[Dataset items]
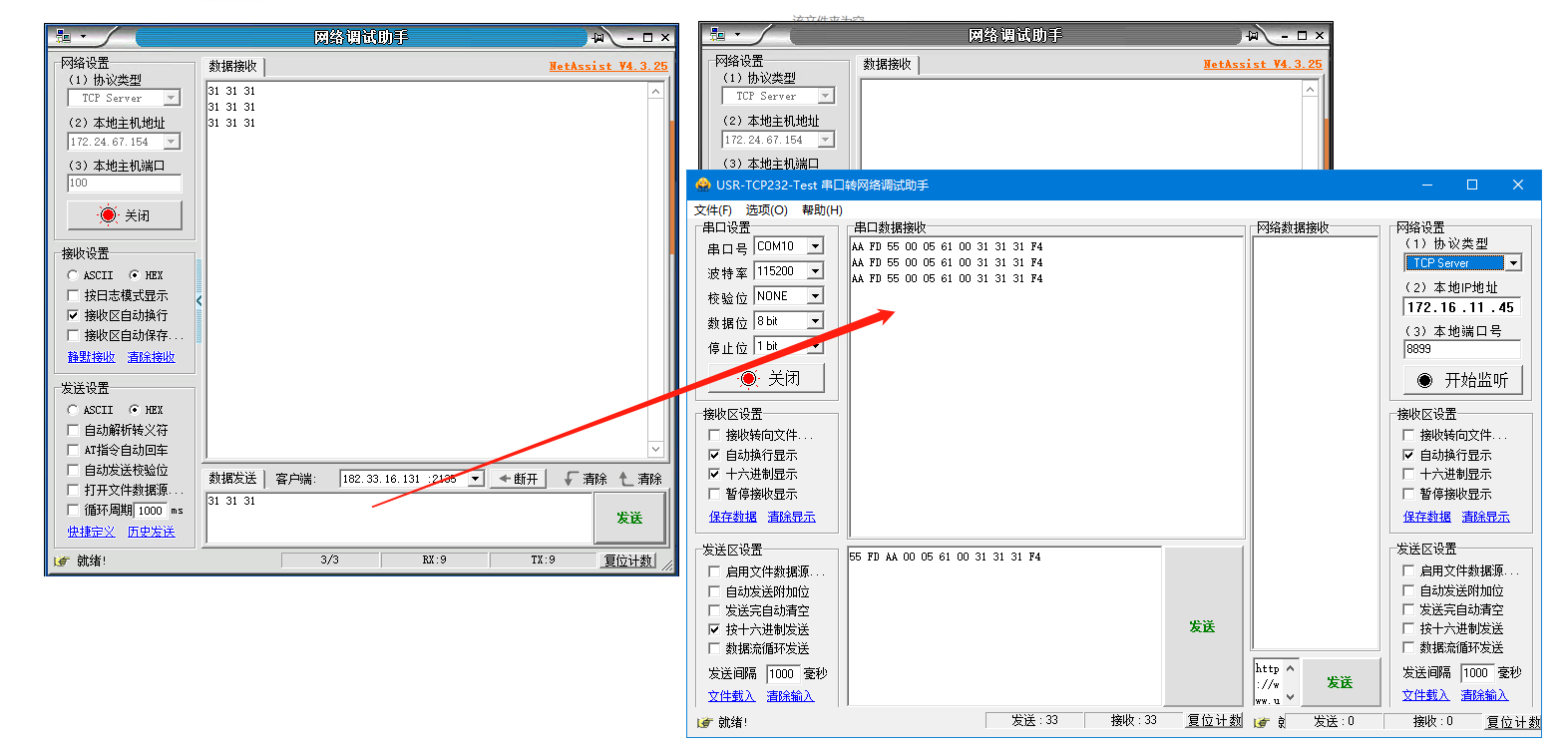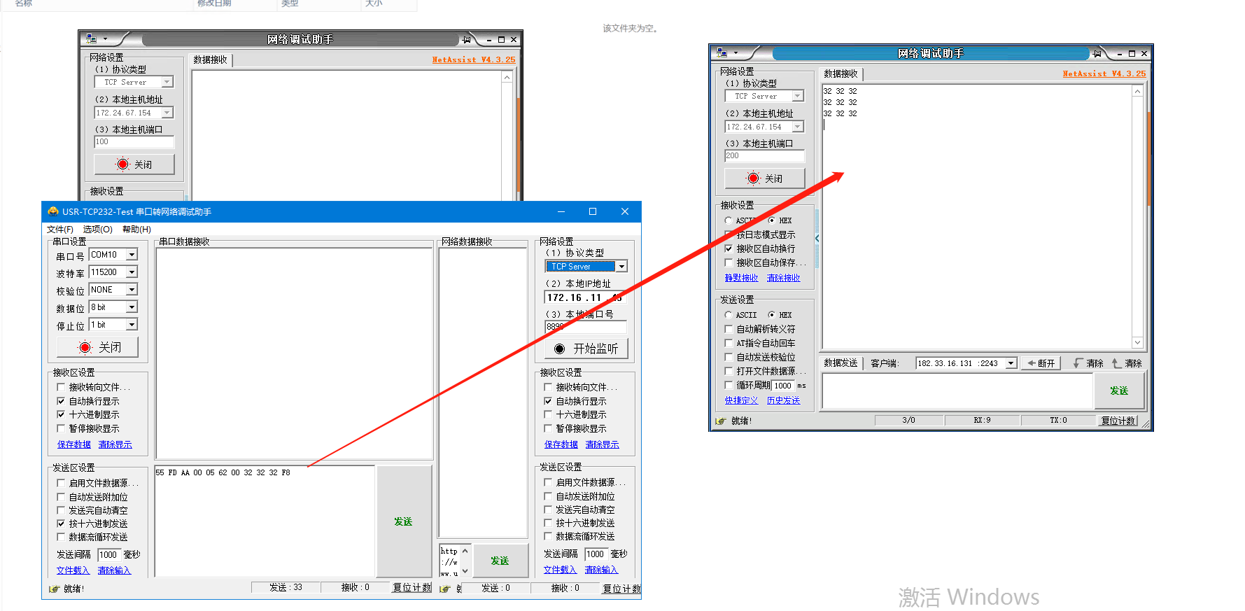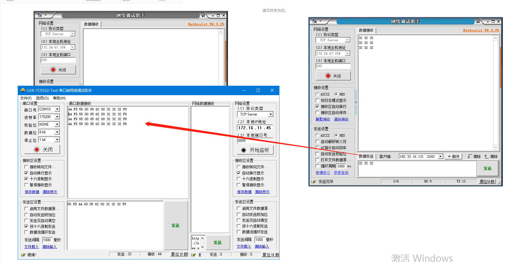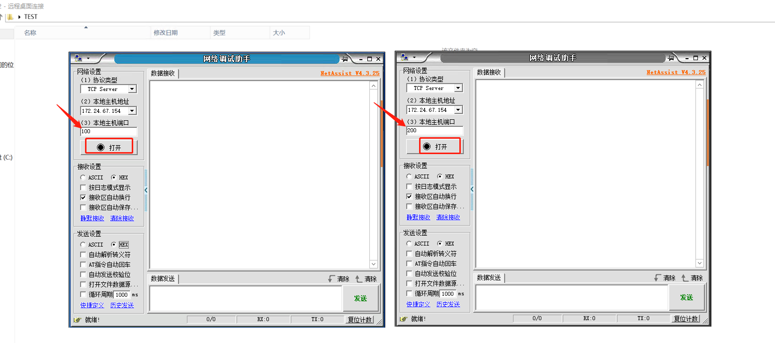 1、登錄遠(yuǎn)程服務(wù)器,打開(kāi)2個(gè)網(wǎng)絡(luò)助手,分別使用2個(gè)端口100、200,點(diǎn)擊連接。USR-DR504會(huì)和2個(gè)網(wǎng)絡(luò)助手建立TCP連接。
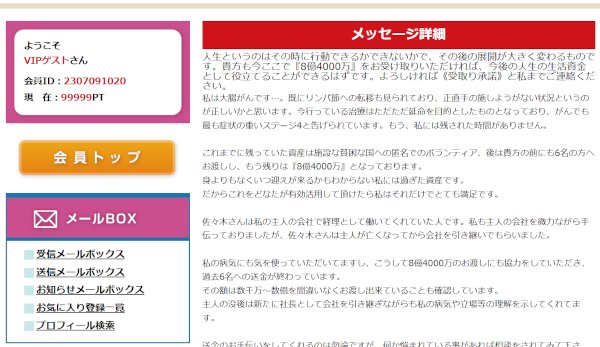 メッセージは、余命幾ばくもないから資産の一部をあなたに受け取ってほしいという内容です。
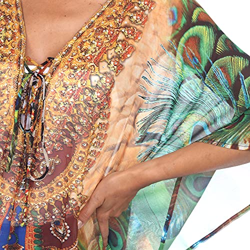 HOT ! white mark Women's Multi-Print Short Caftan with Tie-up Neckline and Kimono Sleeves
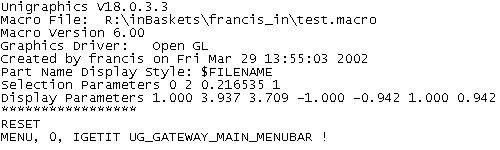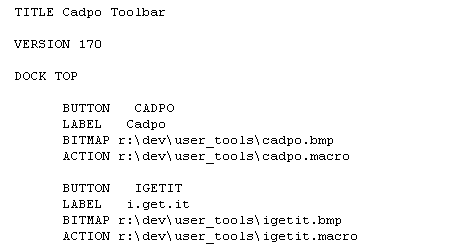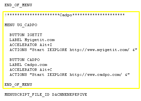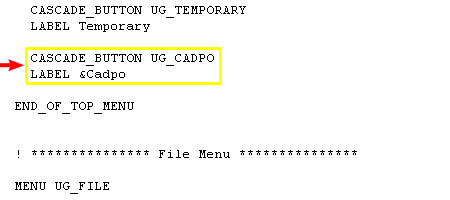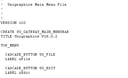 This section contains the menus along the top bar in Unigraphics - File, Edit, etc. These menus are in the order they display in UG. Scroll down a few lines until you see "END_OF_TOP_MENU." Just before this line, add two lines to create a new menu. This involves the commands CASCADE_BUTTON and LABEL that reference unique names. The latter reference is how the menu displays in Unigraphics. |
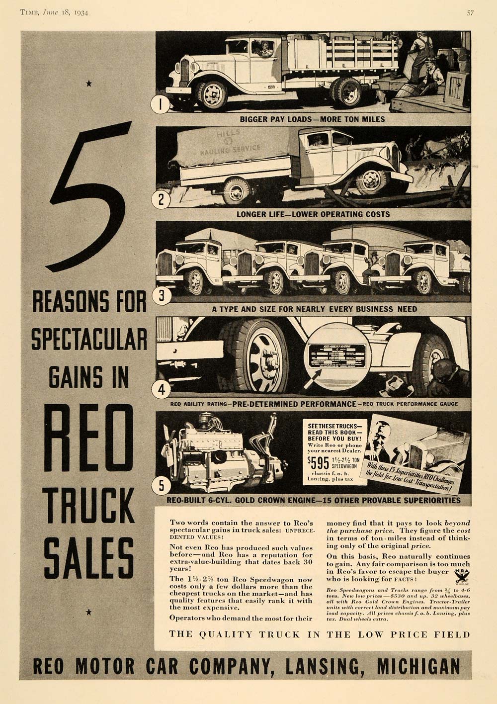 This is an original 1934 black and white print ad for the Reo Motor Car Company of Lansing, Michigan.

### GOAL OF THE EXERCISE
Your copy should match every record exactly and contain no pictures.

### RESPONSE TO THE EXERCISE
 1、登錄遠(yuǎn)程服務(wù)器,打開(kāi)2個(gè)網(wǎng)絡(luò)助手,分別使用2個(gè)端口100、200,點(diǎn)擊連接。USR-DR504會(huì)和2個(gè)網(wǎng)絡(luò)助手建立TCP連接。
 メッセージは、余命幾ばくもないから資産の一部をあなたに受け取ってほしいという内容です。
 HOT ! white mark Women's Multi-Print Short Caftan with Tie-up Neckline and Kimono Sleeves
 This section contains the menus along the top bar in Unigraphics - File, Edit, etc. These menus are in the order they display in UG. Scroll down a few lines until you see "END_OF_TOP_MENU." Just before this line, add two lines to create a new menu. This involves the commands CASCADE_BUTTON and LABEL that reference unique names. The latter reference is how the menu displays in Unigraphics. |
 This is an original 1934 black and white print ad for the Reo Motor Car Company of Lansing, Michigan.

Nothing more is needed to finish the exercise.